Secondly, the TgsGP gene has been demonstrated to be essential for human serum resistance in T. b. gambiense group 1, as gene deletion renders the parasites sensitive to human serum lysis [51,52]. In contrast to the T. b. rhodesiense SRA protein, TgsGP and APOL1 do not appear to interact directly. Instead, TgsGP is proposed to bolster T. b. gambiense resistance to human APOL1 pore-forming activity through a process of plasma membrane stiffening [52]. A third mechanism by which T. b. gambiense might resist the actions of NHS, through enhanced APOL1 degradation within the endolysosomal system, has also been proposed [52]. Modulation of expression levels of the cysteine protease Cathepsin L and its inhibitor (ICP) has demonstrated an important role for cathepsin-mediated degradation of APOL1 in human serum resistance [53]. Difference in expression levels of these genes has not been detected in T. b. gambiense, however a lower pH is observed within the early endosomes that is predicted to accelerate their proteolytic activity relative to T. b. brucei [52]. Intriguingly, we observed equal sensitivity of all strains tested to P. papio APOL1-directed lysis, suggesting that the activity of TgsGP, and APOL1 degradation by cysteine peptidases, that effectively hinders human APOL1 in T. b. gambiense, poses no such barrier to the P. papio variant. This raises interesting questions about how exactly P. papio APOL1 is able to overcome these factors? Many details of the action of the TgsGP protein in particular remain cryptic. Despite its essential role in human serum resistance in T. b. gambiense, ectopic expression of T. b. gambiense TgsGP alone in T. b. brucei is insufficient to confer resistance to human serum [51,88]. There is evidently a role for other, as yet unidentified processes, in T. b. gambiense human serum resistance, which are absent or incomplete in T. b. brucei.

Sequence analysis has revealed that baboon and human APOL1 orthologs share only 58% amino acid sequence identity [14]. Despite this, in the recently elucidated example of baboon serum lysis of T. b. rhodesiense it was demonstrated that a single amino acid substitution conserved between baboon species is responsible for APOL1 evasion of SRA binding [62]. Uncovering the mechanism by which P. papio has developed its broad trypanolytic ability may offer further insights into the workings of T. b. gambiense human serum resistance, as well as aid in the design of an improved APOL1 therapy that could target all pathogenic trypanosomes across Sub-Saharan Africa. Such universal therapies that can treat both animal and human pathogens are particularly appropriate to the “one health” approach, currently advocated by WHO, FAO, and OIE, that integrates medical and veterinary health policy and research for addressing zoonotic diseases.

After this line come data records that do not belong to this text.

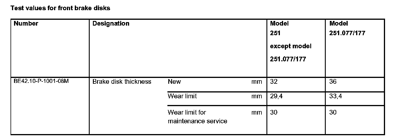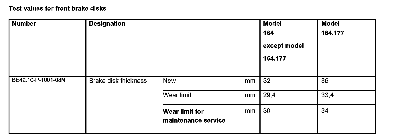 Test values for front brake disks:
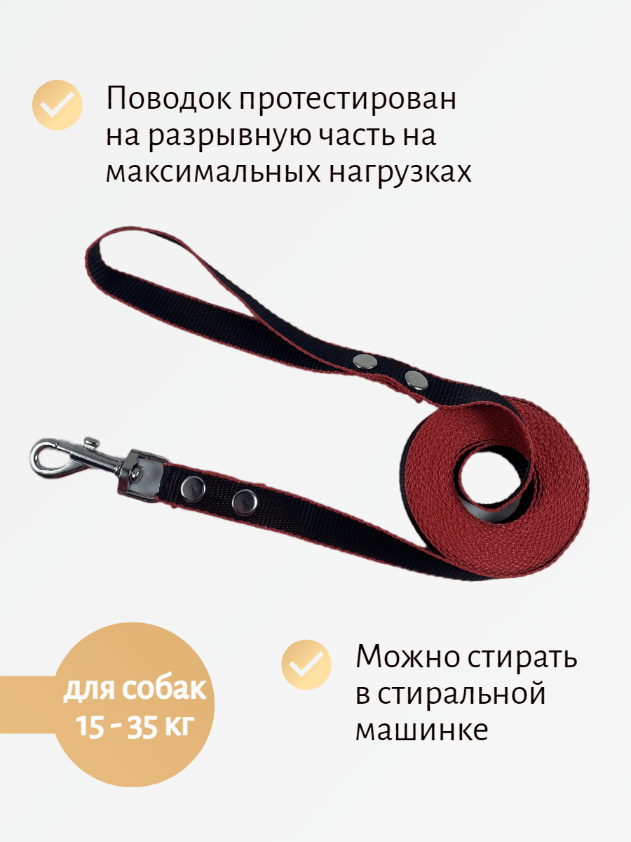 Отзывы на Поводок Хвостатыч для собак нейлоновый классический 5 м х 20 мм (Черно-красный)
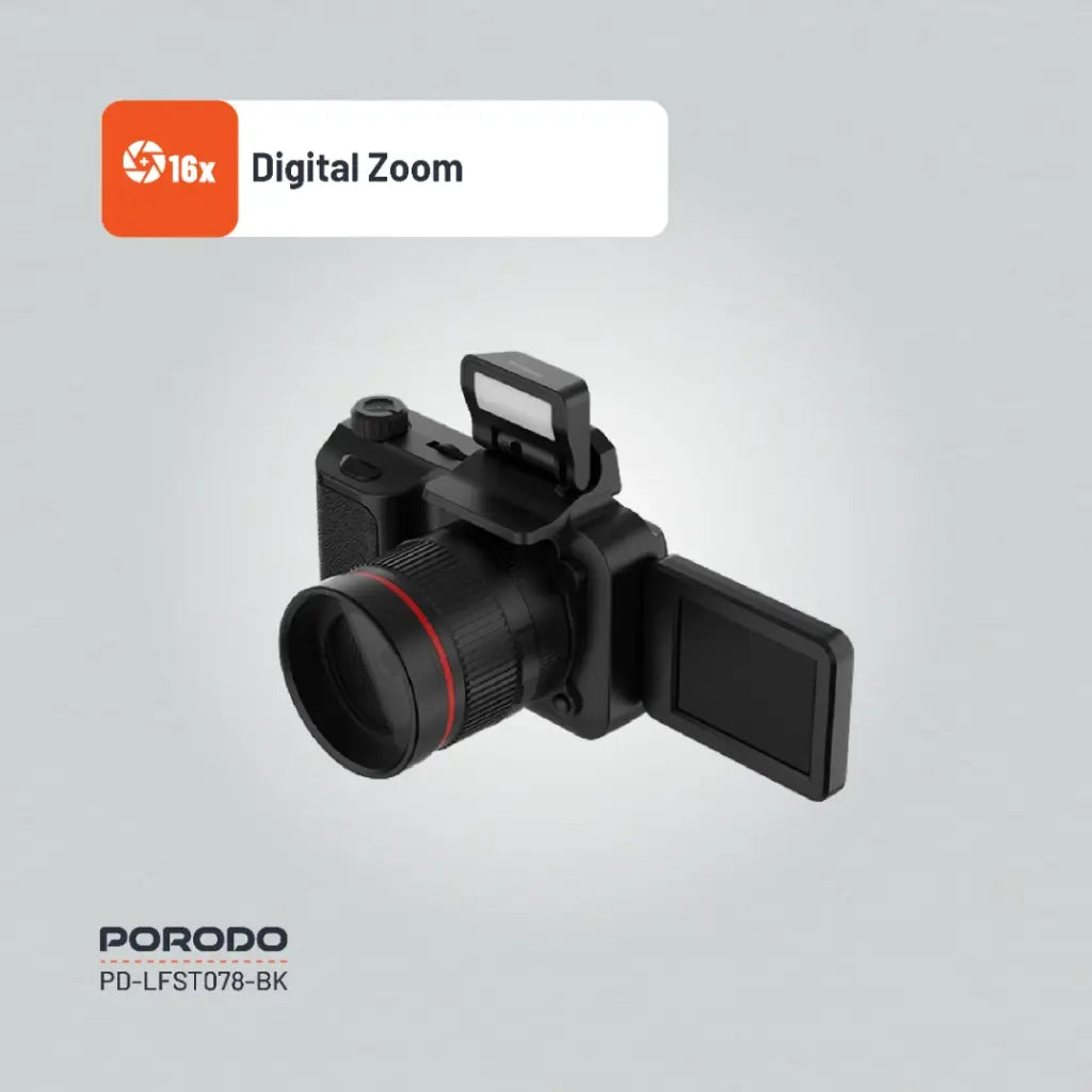 Porodo Lifestyle Digital Camera 16X Zoom | Flip Flash - Black

The Guinea baboon P. papio is found only in a limited area of western equatorial Africa, where its range overlaps with that of T. b. gambiense group 1. Five other baboons are represented in the Papio genus of which serum for only one, the east African P. cynocephalus (yellow baboon) has been previously tested against T. b. gambiense parasites, and was reported to be non–lytic [37]. Unfortunately APOL1 sequence is currently unavailable for comparative analysis with this species or the southern African P. ursinus (Chacma baboon) and P. kindae (Kinda baboon) species from Central Africa. Of the remaining Papio species, APOL1 sequences from cDNA have been successfully obtained for P. hamadryas (Hamadryas baboon) from North East Africa, and Central African P. anubis (Olive baboon) [62], the closest related species to P. papio in a recent phylogenetic study of mitochondrial DNA [95]. Amino acid alignments of P. papio APOL1 with these available sequences indicate ~98.5% identity to P. hamadryas and 93.5% to P. anubis (S3 Fig). A study in which C-terminal polymorphisms of P. anubis were incorporated into human recombinant APOL1 were observed to be lytic to T. b. rhodesiense but not T. b. gambiense [37], however full length APOL1 transcripts, unavailable at the time of the study, have not been tested. For P. hamadryas, serum and APOL1 have not yet been tested against T. b. gambiense, however a laboratory infection of two individual baboons with a strain of T. b. gambiense group 1 suggested hamadryas baboons to display a level of trypanotolerance to infection [64]. Future studies in which the sensitivity of T. brucei subspecies to serum and APOL1 from the other baboon species, followed by the construction of chimera mutants are now needed to help resolve the crucial polymorphisms responsible for T. b. gambiense lysis, as has been successful for T. b. rhodesiense.

Supporting Information

S1 Fig. Purification of recombinant human and P. papio APOL1 protein variants.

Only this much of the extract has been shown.